April 10, 2020 at 10:45 pm (Geopolitics and International Relations, International Intrigue, News, Poetry, Sorcery, The Occult, The Supernatural, Vampire novel) (, , )

Good Friday 2020

The shooting flames of fire silver haired disembodied head of Jesuit priest Pierre Teilhard de Chardin was having shooters with the Inca earth Mother Goddess Pachamama as well as the demons Baal and Baphomet inside an empty Rome taverna in order to celebrate the 65th Anniversary of his kicking the bucket.

April 10th 1955 – the date of his death- was an Easter Sunday that year.

And today- the 65th Anniversary- happened to be a Good Friday.

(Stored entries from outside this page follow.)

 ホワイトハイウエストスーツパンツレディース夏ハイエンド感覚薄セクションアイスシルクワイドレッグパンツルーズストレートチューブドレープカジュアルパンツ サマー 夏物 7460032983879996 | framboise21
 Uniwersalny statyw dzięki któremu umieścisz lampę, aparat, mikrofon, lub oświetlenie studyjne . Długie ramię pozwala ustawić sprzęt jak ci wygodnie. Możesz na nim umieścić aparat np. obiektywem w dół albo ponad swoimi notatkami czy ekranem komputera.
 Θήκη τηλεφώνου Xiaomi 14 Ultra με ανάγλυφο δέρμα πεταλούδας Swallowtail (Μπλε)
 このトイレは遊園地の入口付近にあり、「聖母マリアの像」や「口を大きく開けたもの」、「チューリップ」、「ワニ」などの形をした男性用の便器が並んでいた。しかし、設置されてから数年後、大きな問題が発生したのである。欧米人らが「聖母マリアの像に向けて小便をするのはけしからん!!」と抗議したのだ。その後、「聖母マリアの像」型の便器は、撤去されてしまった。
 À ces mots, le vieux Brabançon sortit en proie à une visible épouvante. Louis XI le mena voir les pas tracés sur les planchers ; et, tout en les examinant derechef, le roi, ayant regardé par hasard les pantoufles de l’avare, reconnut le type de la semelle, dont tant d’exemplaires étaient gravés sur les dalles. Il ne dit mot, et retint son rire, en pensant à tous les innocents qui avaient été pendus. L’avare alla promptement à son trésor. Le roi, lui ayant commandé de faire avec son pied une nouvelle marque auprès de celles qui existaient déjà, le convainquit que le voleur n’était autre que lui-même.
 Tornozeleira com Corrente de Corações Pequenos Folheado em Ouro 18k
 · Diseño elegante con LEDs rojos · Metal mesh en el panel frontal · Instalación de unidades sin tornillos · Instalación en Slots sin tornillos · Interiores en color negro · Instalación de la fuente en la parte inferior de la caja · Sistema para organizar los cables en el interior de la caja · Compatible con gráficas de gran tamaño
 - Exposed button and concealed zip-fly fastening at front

The trouble with Teilhard drinking shooters (in addition to the loads of leaks and dripping from his head on to the floor) was that the flames of fire emerging from his silver gray locks of hair rose even higher due to the alcohol intake.

The priest’s head might soon start to resemble a well endowed brandy filled and just lit Christmas pudding in a Charles Dickens tale.

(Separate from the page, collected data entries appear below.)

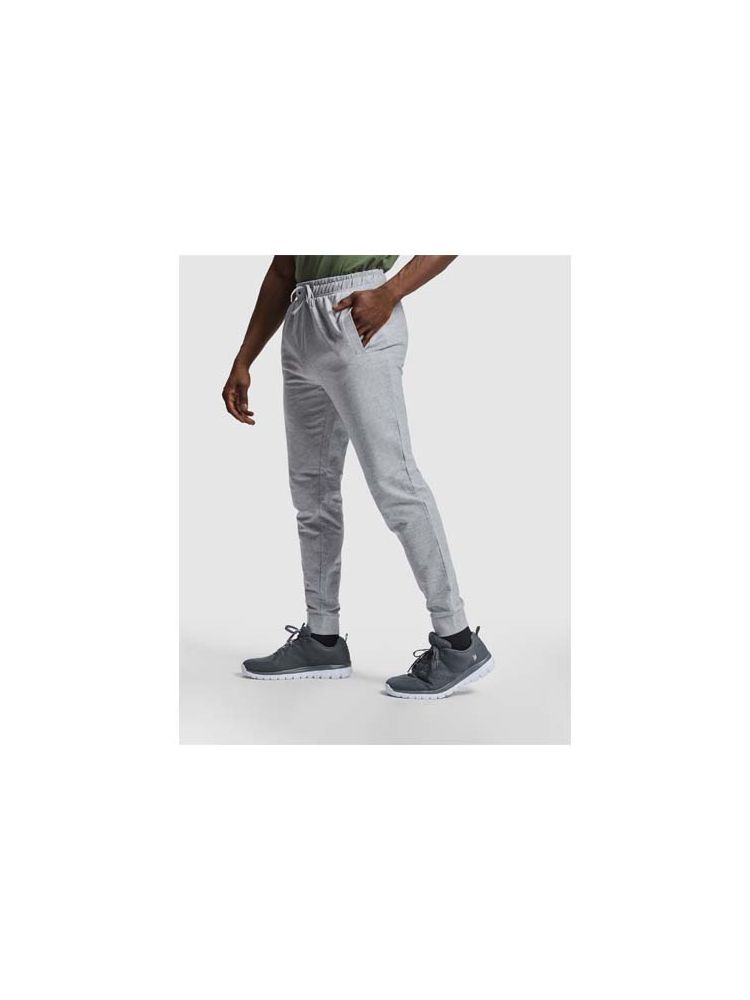 Sportowe spodnie z szerokim regulowanym pasem, sznurkiem do ściągania, dopasowanymi ściągaczami na nogawkach, wzmocnionymi szwami, prążkowanymi kieszeniami bocznymi i narożną tylną kieszenią z przeszyciem. Usuwalna etykieta.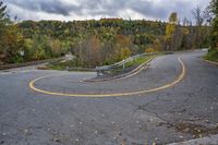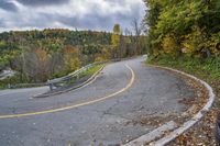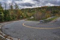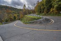 A picturesque mountain road winding through a lush autumn forest, surrounded by vibrant foliage and towering trees.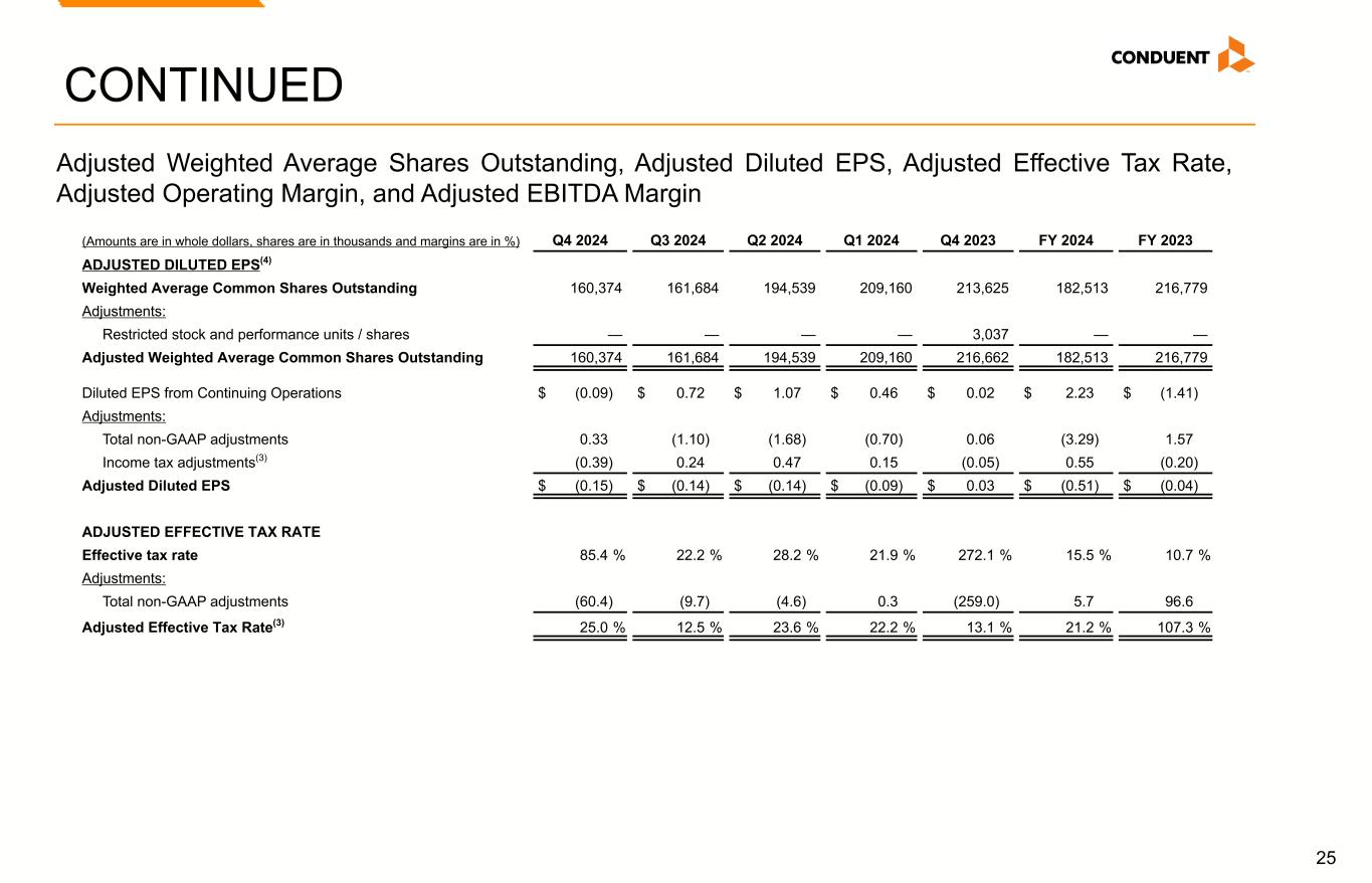 25 CONTINUED (Amounts are in whole dollars, shares are in thousands and margins are in %) Q4 2024 Q3 2024 Q2 2024 Q1 2024 Q4 2023 FY 2024 FY 2023 ADJUSTED DILUTED EPS(4) Weighted Average Common Shares Outstanding 160,374 161,684 194,539 209,160 213,625 182,513 216,779 Adjustments: Restricted stock and performance units / shares — — — — 3,037 — — Adjusted Weighted Average Common Shares Outstanding 160,374 161,684 194,539 209,160 216,662 182,513 216,779 Diluted EPS from Continuing Operations $ (0.09) $ 0.72 $ 1.07 $ 0.46 $ 0.02 $ 2.23 $ (1.41) Adjustments: Total non-GAAP adjustments 0.33 (1.10) (1.68) (0.70) 0.06 (3.29) 1.57 Income tax adjustments(3) (0.39) 0.24 0.47 0.15 (0.05) 0.55 (0.20) Adjusted Diluted EPS $ (0.15) $ (0.14) $ (0.14) $ (0.09) $ 0.03 $ (0.51) $ (0.04) ADJUSTED EFFECTIVE TAX RATE Effective tax rate 85.4 % 22.2 % 28.2 % 21.9 % 272.1 % 15.5 % 10.7 % Adjustments: Total non-GAAP adjustments (60.4) (9.7) (4.6) 0.3 (259.0) 5.7 96.6 Adjusted Effective Tax Rate(3) 25.0 % 12.5 % 23.6 % 22.2 % 13.1 % 21.2 % 107.3 % Adjusted Weighted Average Shares Outstanding, Adjusted Diluted EPS, Adjusted Effective Tax Rate, Adjusted Operating Margin, and Adjusted EBITDA Margin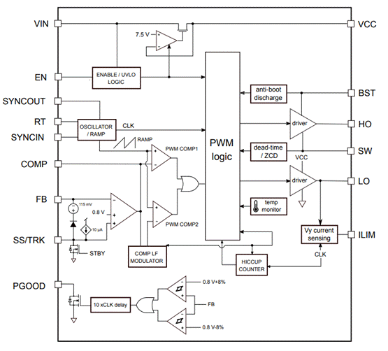 ✦ 輸出電壓監(jiān)控電路:如果輸出電壓測量值在目標(biāo)值的87%以上,就會(huì)發(fā)送PGOOD 電源良好信號(hào)。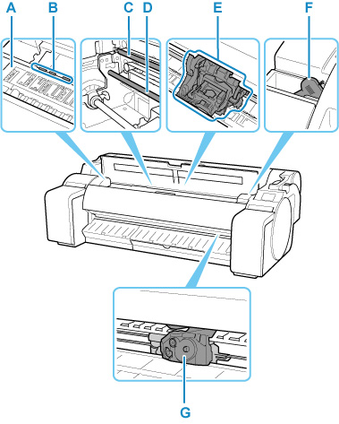 - Sposta la testina di stampa. Il carrello svolge un ruolo chiave nella stampa. (Vedere "Carrello".)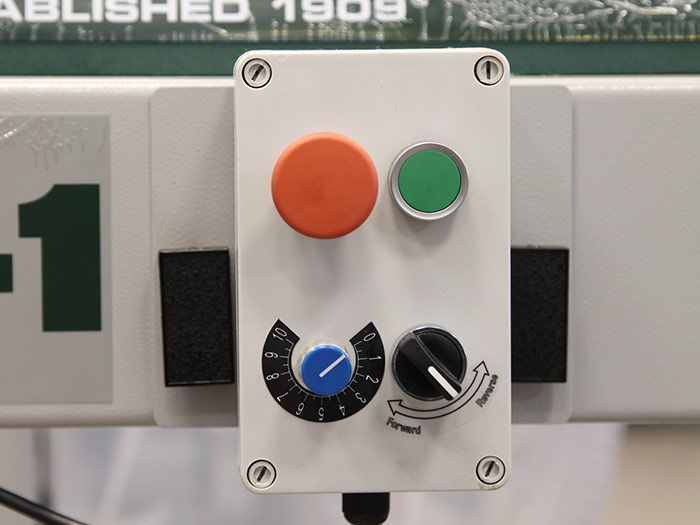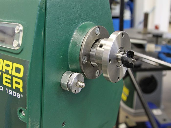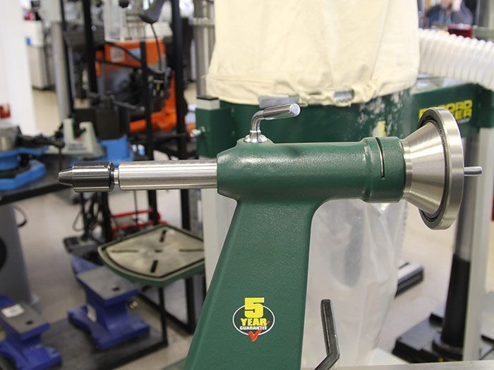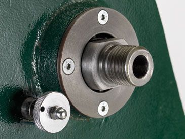 Передняя бабка легко поворачивается с помощью рукоятки с эксцентриковым зажимом. Можно задать угол в 0º, 30º и 90º;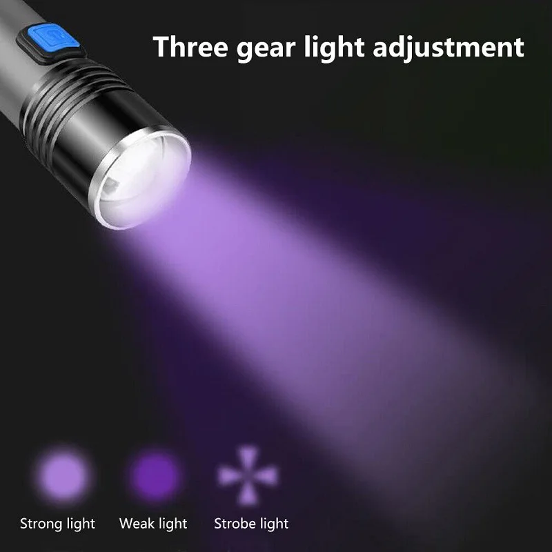 UV Flashlight uses a built-in 1200mAh lithium battery rechargeable design. The USB direct charge design allows you to get rid of the trouble of frequent battery replacement.

“How did you get released from Tartarus anyhow?” Baal asked as he drank a bucketful of different mixed shooters.

“Pope Francis put in the request with Hades last year and Hades concurred,” Teilhard answered.

“Why was just your head released?” Baphomet inquired as he looked at his bright pink fingernail polished hands and hooves.

“Well it was originally all of me,” Teilhard explained, “Unfortunately for me, Cerberus failed to get the memo from Hades that I was to be temporarily released. So he bit my head off with one of his snarling heads when I tried to leave the Underworld. He made mincemeat out of the rest of my body and a tailor who specialized in sewing occultic garments for Freemasons during his lifetime is currently trying to sew my spectral ghostly body back together.”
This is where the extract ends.